The government says it is negotiating a gold-for-oil barter deal to address using the country’s “dwindling foreign exchange reserves” to procure oil products.
Vice President Dr Mahamudu Bawumia, disclosing this on his Facebook page on Thursday, said, “The barter of sustainably mined gold for oil is one of the most important economic policy changes in Ghana since its independence.”
He said the government expects “this new framework to be fully operational by the end of the first quarter of 2023.”
There has been a recent hike in petroleum products including diesel and petrol. The price of diesel went up to more than GH¢23, while the price of petrol shored up to GH¢18.
The Executive Secretary of the Chamber of Petroleum Consumers (COPEC) explained that the rise is due to the increase in taxes on petrol to around 422% within the year.
He noted that the National Petroleum Authority (NPA) should not be blamed for the increase in prices; instead, he believes it is due to mismanagement by the government.
Mr Amoah, therefore, implored the government to minimise the increase in petroleum taxes, saying it may lead to the loss of jobs in the petroleum sector.

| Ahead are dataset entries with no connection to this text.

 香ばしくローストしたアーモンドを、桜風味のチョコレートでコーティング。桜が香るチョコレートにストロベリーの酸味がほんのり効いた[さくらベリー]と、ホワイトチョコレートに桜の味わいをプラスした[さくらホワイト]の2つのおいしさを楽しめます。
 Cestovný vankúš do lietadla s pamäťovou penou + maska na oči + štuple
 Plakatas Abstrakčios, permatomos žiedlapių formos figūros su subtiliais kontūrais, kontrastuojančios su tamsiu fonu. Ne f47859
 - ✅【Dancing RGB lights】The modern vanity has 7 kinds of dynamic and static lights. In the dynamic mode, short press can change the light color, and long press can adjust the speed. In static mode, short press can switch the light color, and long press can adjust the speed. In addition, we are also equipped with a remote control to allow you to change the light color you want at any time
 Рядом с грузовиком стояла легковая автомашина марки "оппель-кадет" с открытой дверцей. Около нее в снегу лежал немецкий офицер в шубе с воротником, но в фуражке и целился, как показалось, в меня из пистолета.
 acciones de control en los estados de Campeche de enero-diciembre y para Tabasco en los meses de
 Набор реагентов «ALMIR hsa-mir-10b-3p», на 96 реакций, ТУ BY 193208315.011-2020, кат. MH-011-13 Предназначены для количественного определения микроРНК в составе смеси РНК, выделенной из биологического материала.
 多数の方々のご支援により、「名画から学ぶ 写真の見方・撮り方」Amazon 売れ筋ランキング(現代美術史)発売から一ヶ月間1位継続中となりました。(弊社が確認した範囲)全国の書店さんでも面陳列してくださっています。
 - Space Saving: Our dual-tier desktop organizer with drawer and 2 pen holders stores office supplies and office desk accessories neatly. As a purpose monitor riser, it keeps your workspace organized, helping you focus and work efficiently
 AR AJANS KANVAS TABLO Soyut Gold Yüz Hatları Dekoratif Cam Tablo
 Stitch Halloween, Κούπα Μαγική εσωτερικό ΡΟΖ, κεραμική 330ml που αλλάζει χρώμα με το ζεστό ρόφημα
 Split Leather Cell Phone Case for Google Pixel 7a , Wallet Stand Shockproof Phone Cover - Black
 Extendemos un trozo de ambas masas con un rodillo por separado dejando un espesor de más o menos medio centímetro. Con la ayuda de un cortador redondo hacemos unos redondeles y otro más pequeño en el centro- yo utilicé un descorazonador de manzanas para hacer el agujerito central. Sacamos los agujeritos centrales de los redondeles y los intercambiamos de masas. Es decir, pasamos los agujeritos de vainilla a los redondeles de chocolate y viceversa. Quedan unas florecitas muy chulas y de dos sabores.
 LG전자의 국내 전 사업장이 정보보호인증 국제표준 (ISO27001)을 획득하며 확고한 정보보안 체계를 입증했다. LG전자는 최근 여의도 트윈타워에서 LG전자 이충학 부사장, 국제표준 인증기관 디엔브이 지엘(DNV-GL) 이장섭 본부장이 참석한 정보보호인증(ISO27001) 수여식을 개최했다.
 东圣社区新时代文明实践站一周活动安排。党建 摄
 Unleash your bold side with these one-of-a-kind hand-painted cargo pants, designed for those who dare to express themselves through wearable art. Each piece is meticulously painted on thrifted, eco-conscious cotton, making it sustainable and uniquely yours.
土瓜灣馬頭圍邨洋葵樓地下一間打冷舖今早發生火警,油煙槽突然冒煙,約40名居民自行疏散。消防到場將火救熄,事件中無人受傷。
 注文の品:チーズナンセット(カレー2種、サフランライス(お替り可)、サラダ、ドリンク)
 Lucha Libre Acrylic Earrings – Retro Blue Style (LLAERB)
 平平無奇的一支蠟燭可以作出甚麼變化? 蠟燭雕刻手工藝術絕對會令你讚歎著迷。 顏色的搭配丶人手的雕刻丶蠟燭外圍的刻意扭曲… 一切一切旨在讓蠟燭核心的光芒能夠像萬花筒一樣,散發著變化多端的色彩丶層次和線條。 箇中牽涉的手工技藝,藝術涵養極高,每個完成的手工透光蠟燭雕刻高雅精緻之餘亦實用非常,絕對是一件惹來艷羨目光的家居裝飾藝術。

On his part, the Public Relations Officer of NPA, Mohammed Abdul-Kudus, said the increment in prices should be blamed on the cedi depreciation and not taxes.
Perhaps hope is on the horizon.
The Vice President said, “To address this challenge, government is negotiating a new policy regime where our gold (rather than our US dollar reserves) will be used to buy oil products.
“The barter of sustainably mined gold for oil is one of the most important economic policy changes in Ghana since independence.”
He added, “If we implement it as envisioned, it will fundamentally change our balance of payments and significantly reduce the persistent depreciation of our currency with its associated increases in fuel, electricity, water, transport, and food prices.”
Dr Bawumia explained that “This is because the exchange rate (spot or forward) will no longer directly enter the formula for the determination of fuel or utility prices since all the domestic sellers of fuel will no longer need foreign exchange to import oil products.”
According to him, “The barter of gold for oil represents a major structural change. My thanks to the Ministers for Lands and Natural Resources, Energy, and Finance, Precious Minerals Marketing Company, and the Governor of the Bank of Ghana for their supportive work on this new policy. We expect this new framework to be fully operational by the end of the first quarter of 2023.”